(Stored entries)
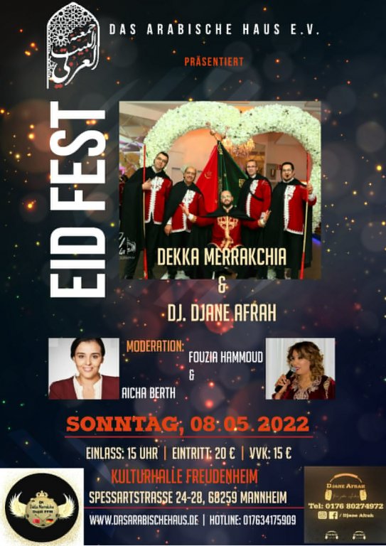 Das Arabische Haus lädt zu einer Feier zum Abschluss des Ramadan zusammen mit Dekka Merrakchia und Djane Afrah ein.
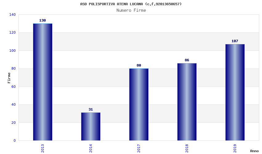 | Anno | Firme | Importi | Media | Naz. | Reg. | Prov. | Comu. |
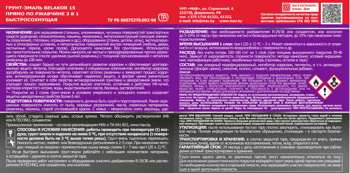 Для окрашивания стальных, алюминиевых и чугунных поверхностей транспортных средств, металлоконструкций, оборудования, эксплуатируемых в атмосферных условиях, для окраски металлических поверхностей внутри помещений; наносится без предварительного грунтования, используется как самостоятельное покрытие; подходит для нанесения на чистые и прокорродированные поверхности, а также на старые лакокрасочные покрытия. Создает барьер на пути дальнейшего развития коррозии и обеспечивает долговременную защиту металла. Расход — 100-180 г/м2 на 1 слой. Покрытие из 2 слоев грунт-эмали в умеренном и холодном климате сохраняет защитно-декоративные свойства более 6 лет. Наносить кистью, пневмораспылением или безвоздушным методом в 1-2 слоя. 2,4 л грунт-эмали покрывает 11-22 м2 в 1 слой. Представленный цвет на фото не является эталоном, т.к. монитор (экран) и принтер (в случае печати изображения) настолько близко воспроизводят реальные цвета насколько позволяют их технические параметры. Окончательно выбирайте цвет, руководствуясь реальными (оригинальными) выкрасами материала. Перед окраской делайте пробные выкрасы.
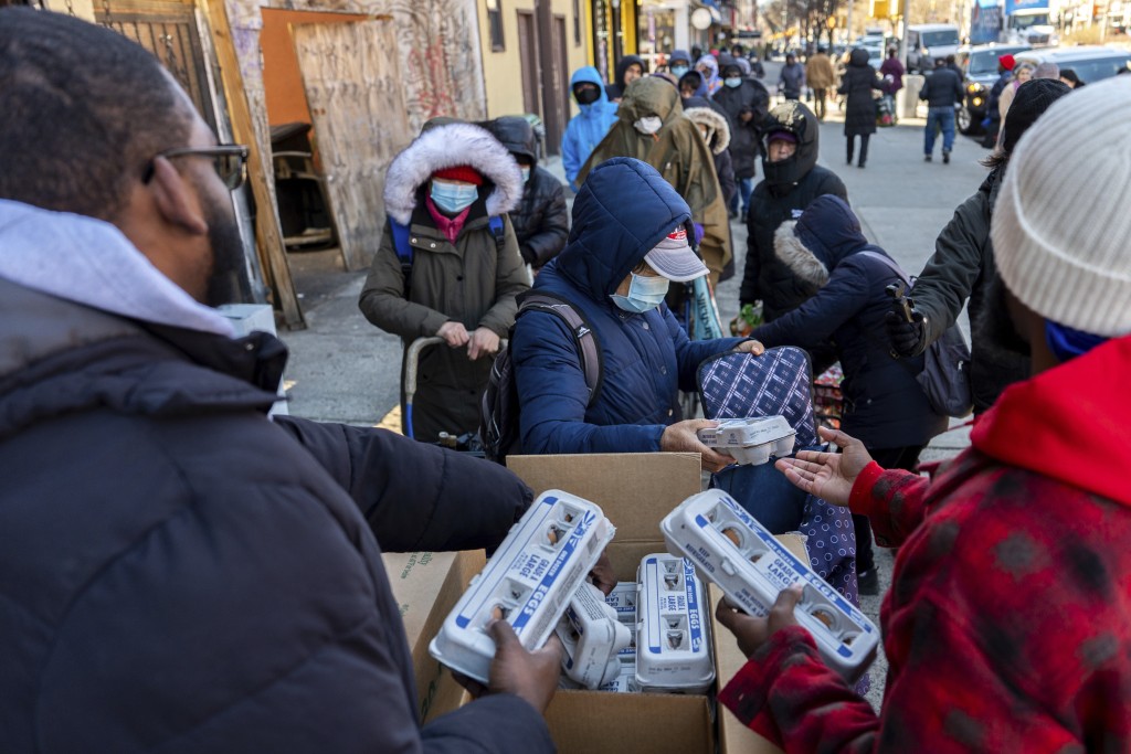 ▲在纽约哈林区,Abou Sow 向排队的人们发放FarmerJawn Agriculture 提供的免费鸡蛋。 美联社
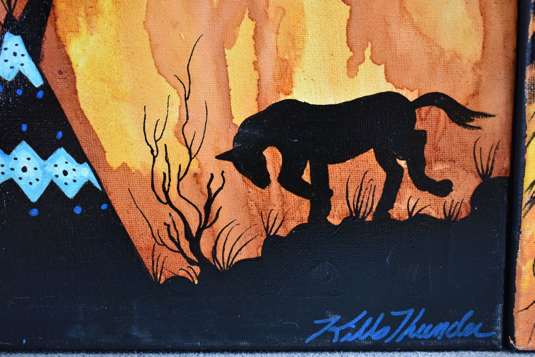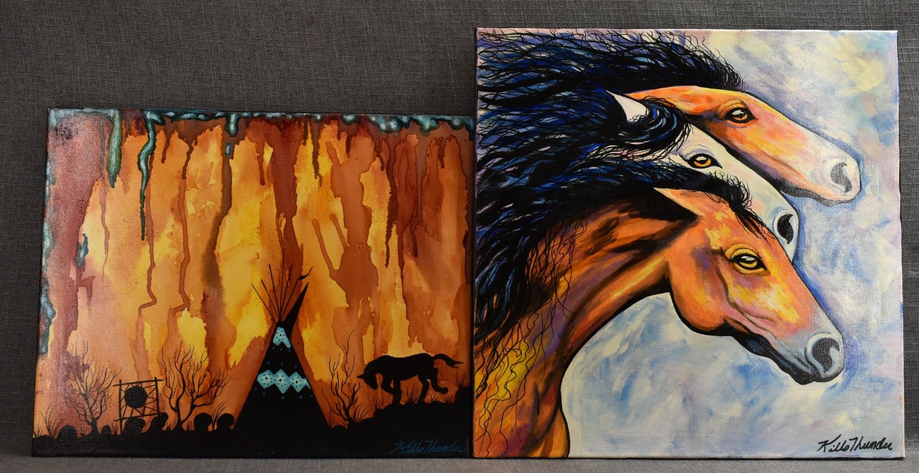 2016's Two original paintings on canvas. Signed Killsthunder. 20'' x 20'' and 16'' x 20''
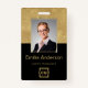 Easily personalise this custom gold employee name and photo badge with your own company logo and qr code or bar code. Available with different background colours and attachments. No minimum order quantity.
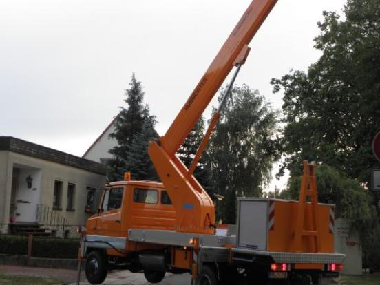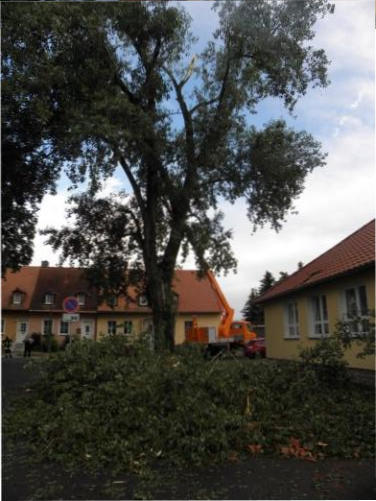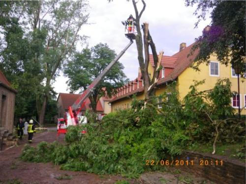 22.06.2011Gegen 17:15 Uhr zog ein Unwetter über Bad Lauchstädt hinweg und richtete erhebliche Sturmschäden hauptsächlich an Bäumen und einzelnen Gebäude-dächern an. Schnell und unkomliziert half die Firma Blumenbecker aus Schaf-städt mit einem Hubsteiger-Fahrzeug aus, um ab- oder angebrochene Äste aus Baumkronen beseitigen zu können.
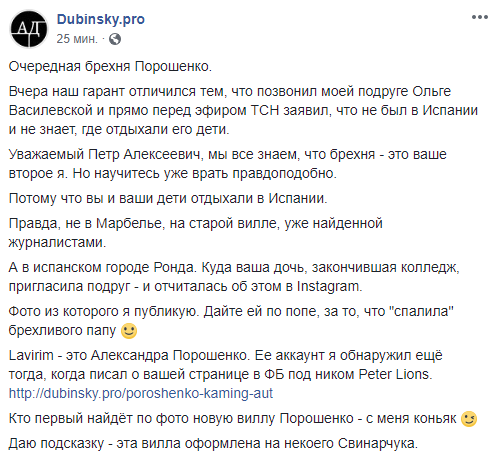 "Очередная брехня Порошенко. Вчера наш гарант отличился тем, что позвонил моей подруге Ольге Василевской и прямо перед эфиром ТСН заявил, что не был в Испании и не знает, где отдыхали его дети. Уважаемый Петр Алексеевич, мы все знаем, что брехня - это ваше второе я. Но научитесь уже врать правдоподобно. Потому что вы и ваши дети отдыхали в Испании", - сообщается на странице журналиста.
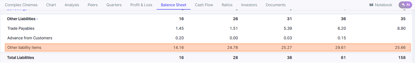 The contrast is clear: Connplex runs on an asset-light, debt-free model, while PVR INOX carries the weight of both. But the story doesn’t end there. A closer look at Connplex’s balance sheet reveals that a significant portion of its assets and liabilities sit under the “other” category, worth examining more closely to understand what’s really at play.

**EXERCISE DETAILS:**
Repeat the records above exactly, from the first line through the line containing "2016's Two original", and leave out the pictures.

**ANSWER SPACE:**
 Das Arabische Haus lädt zu einer Feier zum Abschluss des Ramadan zusammen mit Dekka Merrakchia und Djane Afrah ein.
 | Anno | Firme | Importi | Media | Naz. | Reg. | Prov. | Comu. |
 Для окрашивания стальных, алюминиевых и чугунных поверхностей транспортных средств, металлоконструкций, оборудования, эксплуатируемых в атмосферных условиях, для окраски металлических поверхностей внутри помещений; наносится без предварительного грунтования, используется как самостоятельное покрытие; подходит для нанесения на чистые и прокорродированные поверхности, а также на старые лакокрасочные покрытия. Создает барьер на пути дальнейшего развития коррозии и обеспечивает долговременную защиту металла. Расход — 100-180 г/м2 на 1 слой. Покрытие из 2 слоев грунт-эмали в умеренном и холодном климате сохраняет защитно-декоративные свойства более 6 лет. Наносить кистью, пневмораспылением или безвоздушным методом в 1-2 слоя. 2,4 л грунт-эмали покрывает 11-22 м2 в 1 слой. Представленный цвет на фото не является эталоном, т.к. монитор (экран) и принтер (в случае печати изображения) настолько близко воспроизводят реальные цвета насколько позволяют их технические параметры. Окончательно выбирайте цвет, руководствуясь реальными (оригинальными) выкрасами материала. Перед окраской делайте пробные выкрасы.
 ▲在纽约哈林区,Abou Sow 向排队的人们发放FarmerJawn Agriculture 提供的免费鸡蛋。 美联社
 2016's Two original paintings on canvas. Signed Killsthunder. 20'' x 20'' and 16'' x 20''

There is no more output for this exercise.